**Task statement**
Every line of the listing below must be printed again exactly, apart from its pictures.

**Data segment**
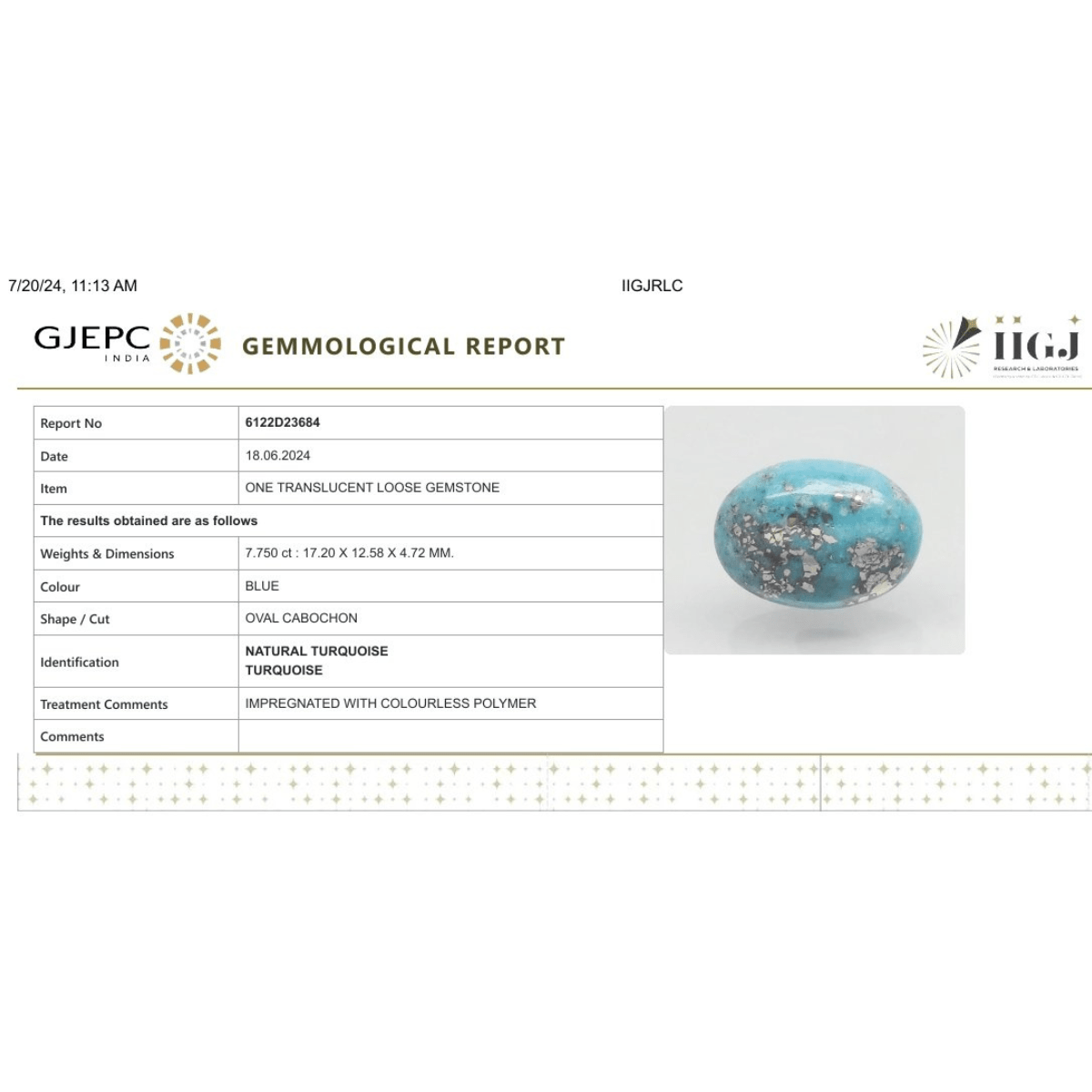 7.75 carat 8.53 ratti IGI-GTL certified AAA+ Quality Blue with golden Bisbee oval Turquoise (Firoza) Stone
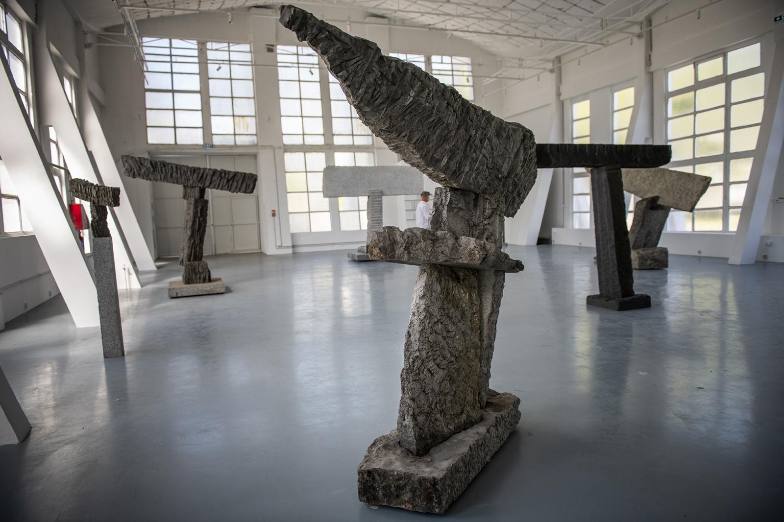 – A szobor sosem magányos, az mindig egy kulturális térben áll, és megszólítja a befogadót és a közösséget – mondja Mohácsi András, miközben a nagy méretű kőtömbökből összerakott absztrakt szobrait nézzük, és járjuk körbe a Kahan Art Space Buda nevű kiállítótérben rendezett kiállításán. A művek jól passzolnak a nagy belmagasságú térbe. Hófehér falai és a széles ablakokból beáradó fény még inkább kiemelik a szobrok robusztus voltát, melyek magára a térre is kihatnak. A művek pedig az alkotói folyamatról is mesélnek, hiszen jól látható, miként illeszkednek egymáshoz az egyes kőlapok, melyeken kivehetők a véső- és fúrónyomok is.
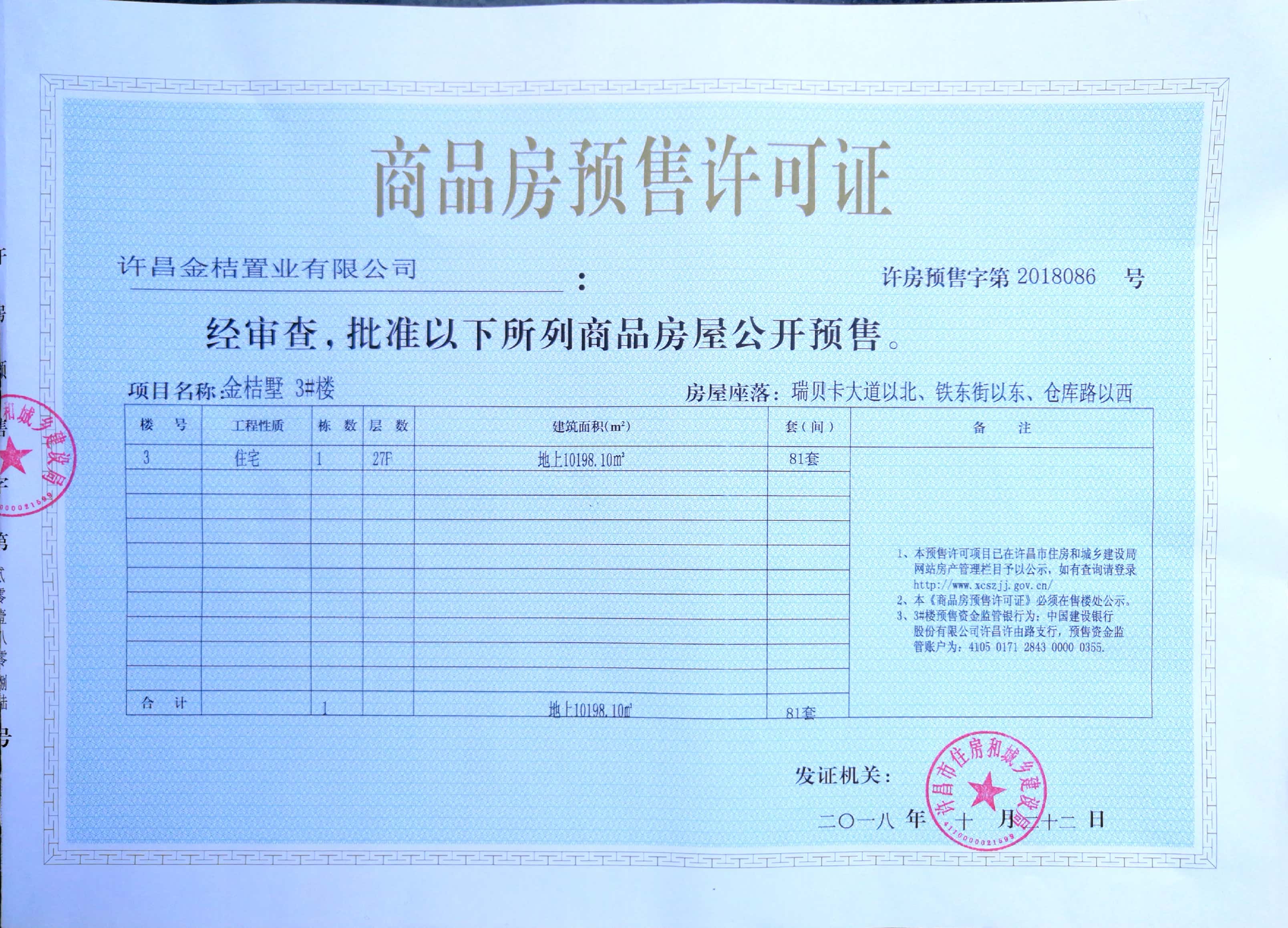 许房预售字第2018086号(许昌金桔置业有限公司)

**Written response**
 7.75 carat 8.53 ratti IGI-GTL certified AAA+ Quality Blue with golden Bisbee oval Turquoise (Firoza) Stone
 – A szobor sosem magányos, az mindig egy kulturális térben áll, és megszólítja a befogadót és a közösséget – mondja Mohácsi András, miközben a nagy méretű kőtömbökből összerakott absztrakt szobrait nézzük, és járjuk körbe a Kahan Art Space Buda nevű kiállítótérben rendezett kiállításán. A művek jól passzolnak a nagy belmagasságú térbe. Hófehér falai és a széles ablakokból beáradó fény még inkább kiemelik a szobrok robusztus voltát, melyek magára a térre is kihatnak. A művek pedig az alkotói folyamatról is mesélnek, hiszen jól látható, miként illeszkednek egymáshoz az egyes kőlapok, melyeken kivehetők a véső- és fúrónyomok is.
 许房预售字第2018086号(许昌金桔置业有限公司)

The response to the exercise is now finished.